■ What the task asks
Pictures in the records below must be left out. Return exactly the lines from the line with "All content, shaders, simulations, and" to the line with "Unit 3, Granby", both included.

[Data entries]
+++

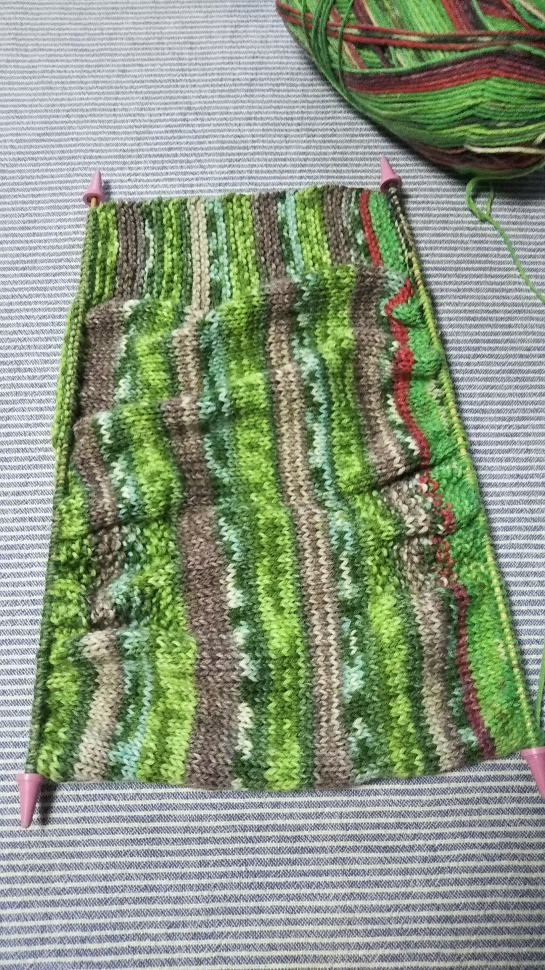 結局は左側の段染め糸で残りすべての過程を編みました)
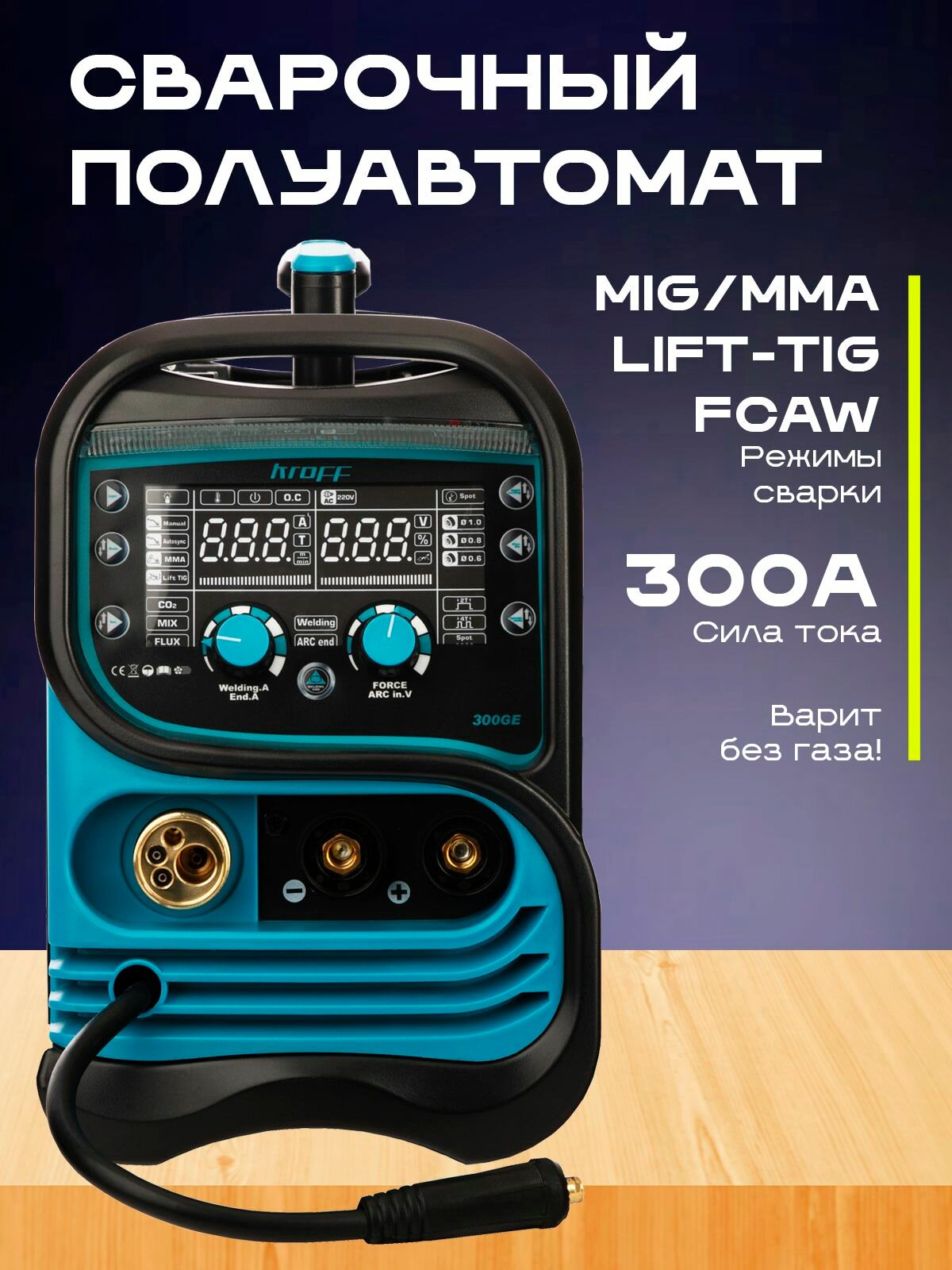 10 цен на Сварочный аппарат полуавтомат Kroff 300GE MIG MMA / Lift-TIG с газом / без газа 300 А, электроды 1.6-4 мм, проволока 0.8-1.0 мм, инверторный аппарат
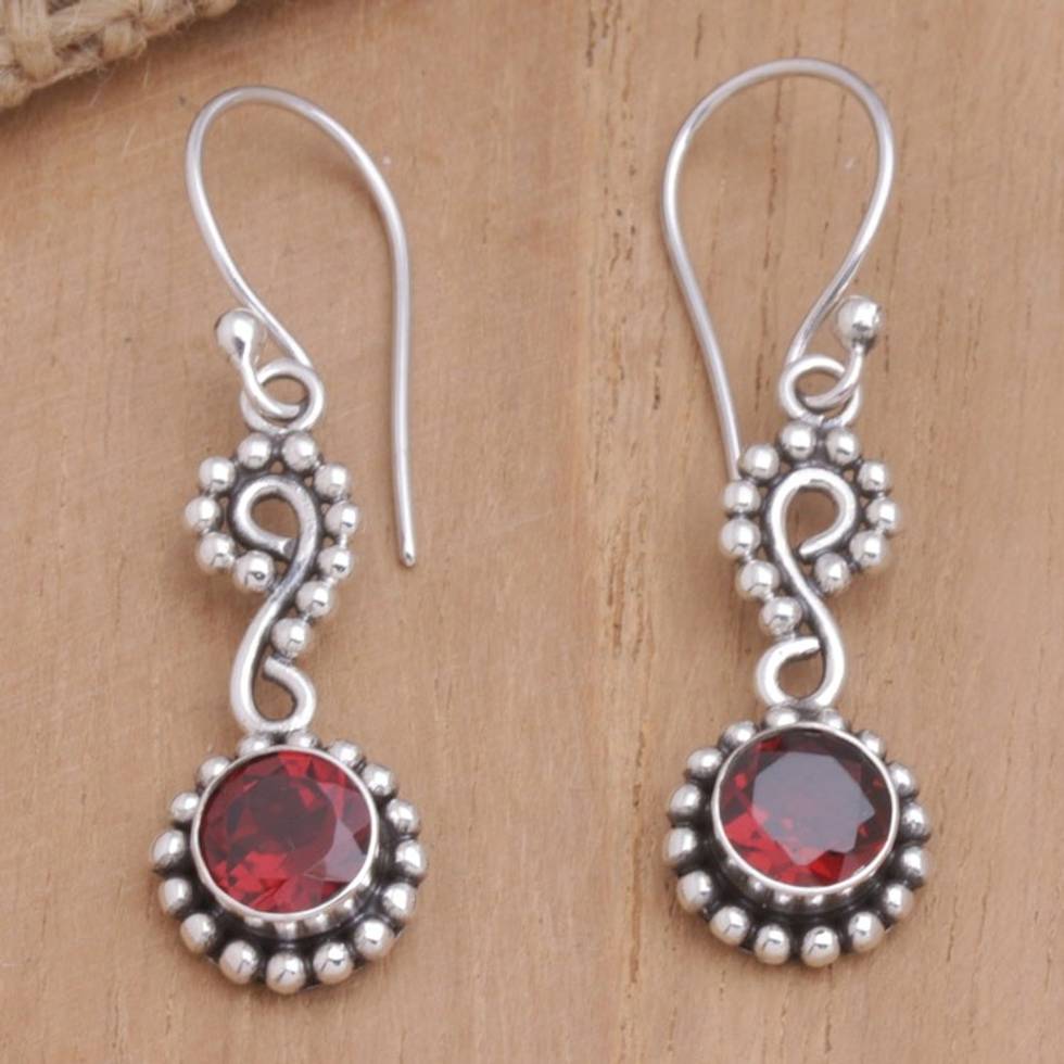 Sterling Silver Dangle Earrings with Faceted Garnet Stones 'Carmine Eyes' Item ID: 2671747831
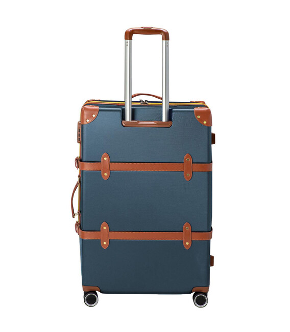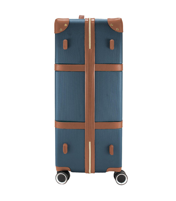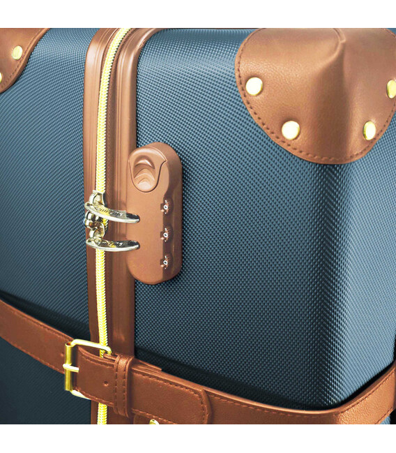 Вінтажна валіза Semi Line T5672-4 має декоративні накладки на кутах та ремені з екошкіри, але вони також виконують і практичне завдання - захист кутів валізи при ударах, та додаткова фіксація валізи закритому стані. Верхня і бічна ручки мають металеві вставки для більшої міцності. З цією ж метою кожне з коліс закріплено чтирма гвинтами, як і пластиковий верх телескопічної ручки.
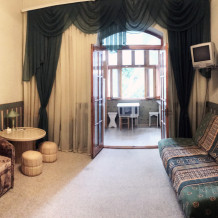 В комнате два 2-спальных дивана столик шкаф. Есть постельное белье на 4 человека и полотенца. На кухне мебель, плита, холодильник. Санузел совместный, душ, туалет.
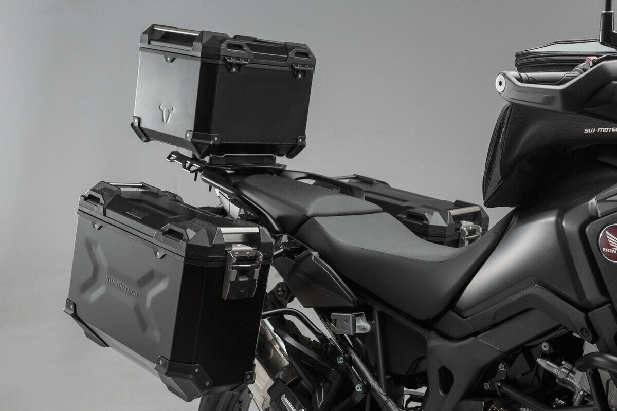 This set is the all-round, care-free pack for any tour. The water and dust-tight TRAX ADV premium aluminum case, two side cases and a top case offer your luggage the best protection. The bike-specific development of the detachable PRO side carrier and the ADVENTURE-RACK guarantee an optimal fit and secure grip for aluminium cases.
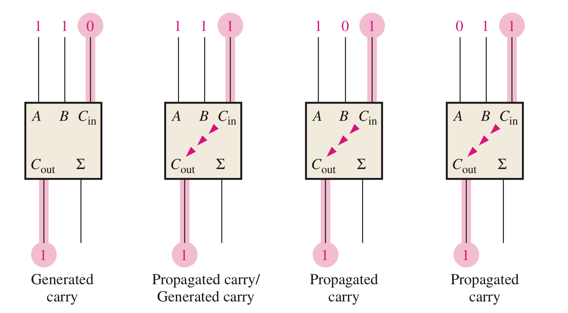 캐리 발생은 출력 캐리가 전가산기에서 내부적으로 발생할 때 일어난다. 즉, 두 입력 비트가
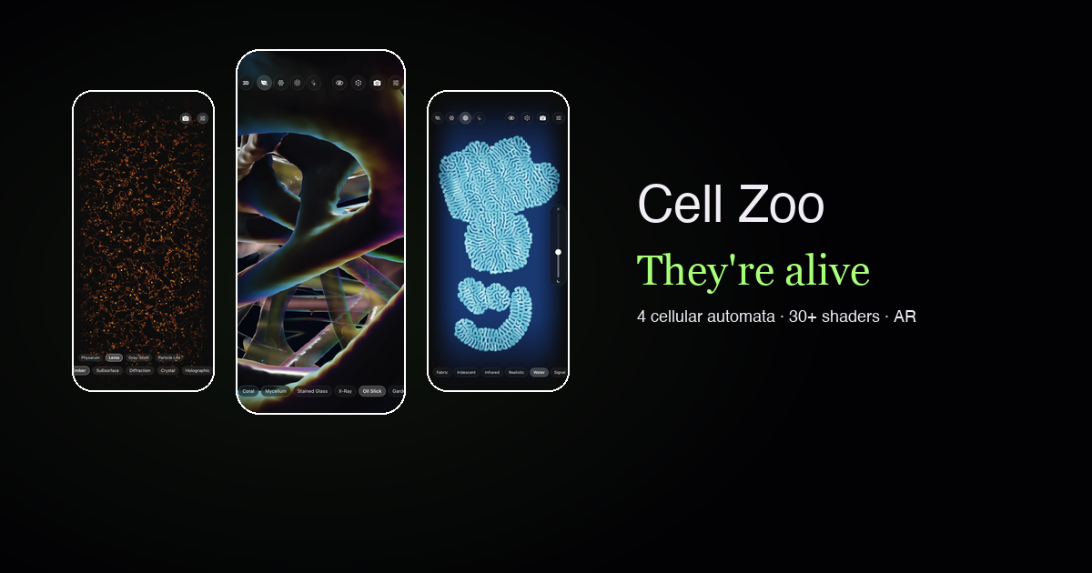 All content, shaders, simulations, and visual output generated by Cell Zoo are the property of svetim.fm. Screenshots and recordings you create from the app are yours to use freely.
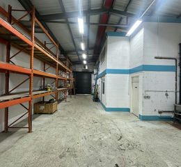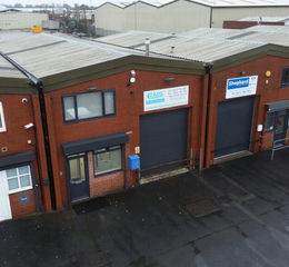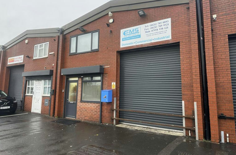 Unit 3, Granby Industrial Park, Garrets Green, is a modern mid-terrace light industrial unit of steel portal frame construction, incorporating a brick-faced front elevation with profile metal cladding above beneath a shallow mono-pitched roof. The unit benefits from a full-height electric roller shutter door providing vehicular loading access, together with a separate pedestrian entrance leading to ancillary office accommodation arranged over two levels. Internally, the property offers predominantly open-plan warehouse space with good eaves height, solid concrete flooring and strip lighting, alongside partitioned offices, kitchenette and WC facilities. Externally, the unit fronts a well-established industrial estate with shared forecourt loading and parking, and enjoys convenient access to the A45 (Coventry Road)
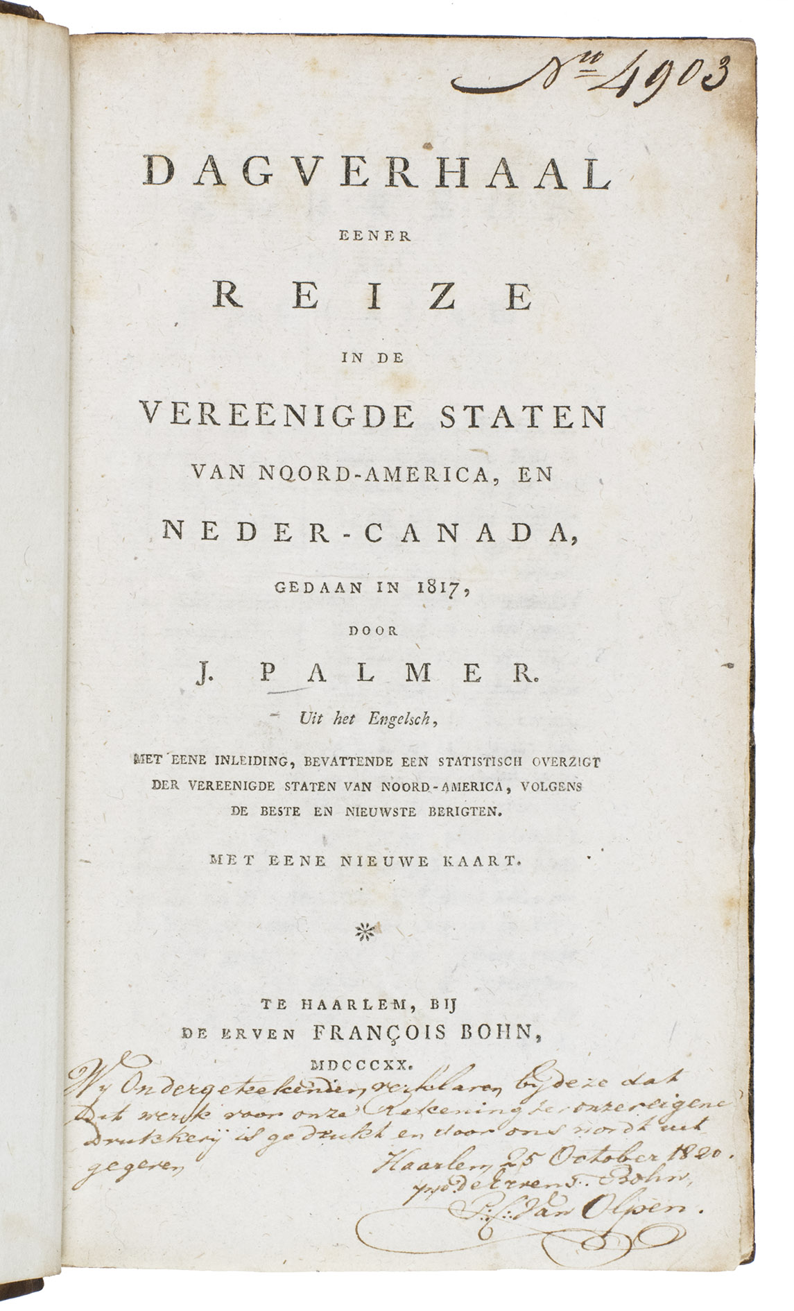 With a note from the manager of the publishing house (heirs of François Bohn) on title-page, explicitly declaring (probably for a tax-acknowledgement) in the lower margin in brown ink that the book was printed in Bohn's own printing house at Bohn's own expense, signed: P.C. van Olpen, Haarlem, 25 October 1820. Some occasional foxing, otherwise in very good condition. Binding rubbed along the extremities, but otherwise good. Clark, Old South II, 227; Howes P49; Sabin 58362.
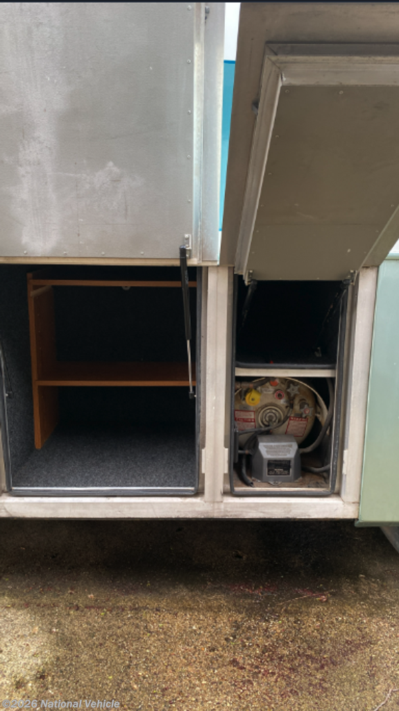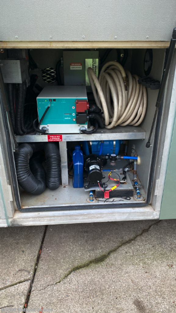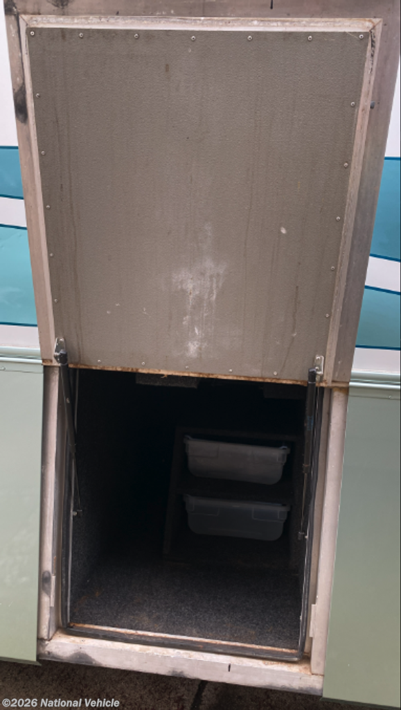 This coach is also equipped for extended stays and off-grid capability with a generator, 50-amp service, and a reliable Pac brake system for added control when driving in varied terrain. Basement storage bays are in working condition, providing generous space for gear and travel essentials.

+++

■ Output
 All content, shaders, simulations, and visual output generated by Cell Zoo are the property of svetim.fm. Screenshots and recordings you create from the app are yours to use freely.
 Unit 3, Granby Industrial Park, Garrets Green, is a modern mid-terrace light industrial unit of steel portal frame construction, incorporating a brick-faced front elevation with profile metal cladding above beneath a shallow mono-pitched roof. The unit benefits from a full-height electric roller shutter door providing vehicular loading access, together with a separate pedestrian entrance leading to ancillary office accommodation arranged over two levels. Internally, the property offers predominantly open-plan warehouse space with good eaves height, solid concrete flooring and strip lighting, alongside partitioned offices, kitchenette and WC facilities. Externally, the unit fronts a well-established industrial estate with shared forecourt loading and parking, and enjoys convenient access to the A45 (Coventry Road)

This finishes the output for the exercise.